Learn how to effectively communicate with your child's teacher about academic, social, or behavioral challenges.

  1. Prepare for the conversation. Before meeting with the teacher, gather specific examples of what you're seeing at home. Write down dates, behaviors, or academic concerns you've noticed. Think about what questions you want to ask and what outcomes you're hoping for. If your child has shared specific concerns about school, jot those down too. Consider whether your child should be part of the conversation - older kids often benefit from being included, while younger children might feel anxious.
  2. Schedule the right time and place. Don't try to have this conversation during drop-off or pickup when the teacher is busy with other students. Email or call to request a meeting, and be clear about your concerns. Ask for at least 20-30 minutes of uninterrupted time. Most teachers prefer to meet before or after school hours. If you need more time for a complex issue, don't hesitate to ask for it.

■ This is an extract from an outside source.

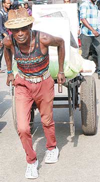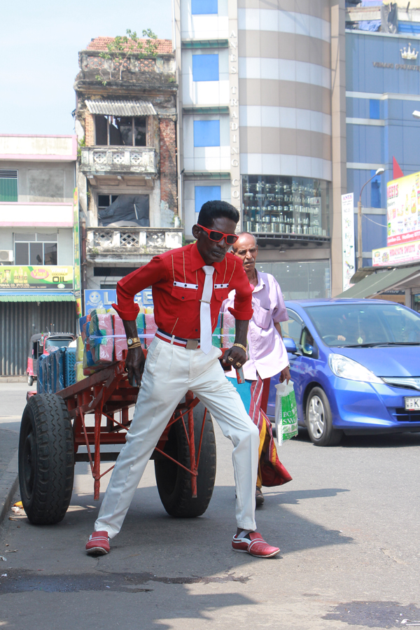 මම වැඩ කරන්නේ කොටුවෙ මේන් ස්ට්රීට් එකේ. ඔක්කොම වාහන ඇතුළු වෙන්නෙ, පිටවෙන්නෙ මෙතනින්. මම මේ හරියෙ තමා කරත්ත වලින් බඩු ගෙනියන්නේ. ලක්ෂ ගණන් බඩු දවසකට එහාට මෙහාට ගෙනියනවා. ඒවට කාවවත් අරින්නෙ නැහැ. මොකද විශ්වාසෙ නැති නිසා. මට හැමෝම ආදරේ නිසා මට හැමදාම වැඩ තියනවා. ඒ වුණාට මම කියන්නේ අනිත් අයටත් වැඩ දෙන්න කියලා. එතකොට බොස්ලා කියන්නේ විශ්වාස නැහැ කියලා. මම කියන්නෙ ඒ වුණාට දීලා බලන්න කියලයි. ඒ කරන දේවල් අපි මැරුණම ගෙනියනවා. විශ්වාසෙ තමා ලෝකෙ තිබෙන ලොකුම දේ. දෙවි කෙනෙක් නෑ කියලා හිතුවට අපි කරන හැමදේම දෙවි කෙනෙක් ලියා ගන්නවා. මම කරන වැඩේ පිළිවෙළට කරනවා. මම අඳින පලඳින එක වුණත් එහෙමයි. වැස්ස වුණත් අව්ව වගේ හිතන් වැඩ කරනවා. ඒ නිසා මිනිස්සු මට හරි ආදරෙයි.

  3. Start with a collaborative approach. Begin the conversation by expressing that you want to work together to help your child succeed. Use phrases like 'I'd love to understand...' or 'Can you help me figure out...' instead of making accusations. Share what you've observed at home without blaming anyone. Remember that the teacher wants your child to succeed just as much as you do.
  4. Be specific about your concerns. Instead of saying 'My child is struggling,' describe exactly what you're seeing. For example: 'Sarah comes home saying she doesn't understand math and gets frustrated during homework' or 'Jake mentions that he has trouble making friends at recess.' The more specific you are, the better the teacher can understand and address the issue.
  5. Listen to the teacher's perspective. Ask open-ended questions like 'What are you seeing in the classroom?' or 'How does this compare to other students?' The teacher may have insights you haven't considered or may be seeing different behaviors than what happens at home. Take notes during the conversation so you remember important details later.
  6. Work together on solutions. Once you both understand the problem, brainstorm solutions together. Ask what you can do at home to support what's happening at school. Discuss what accommodations or support might help your child in the classroom. Be open to trying different approaches - what works for one child might not work for another.
  7. Create a follow-up plan. Before ending the meeting, agree on next steps and when you'll check in again. This might be a follow-up email in two weeks or another meeting in a month. Make sure you both understand who will do what and by when. If your child was part of the conversation, include them in age-appropriate ways in the follow-up plan.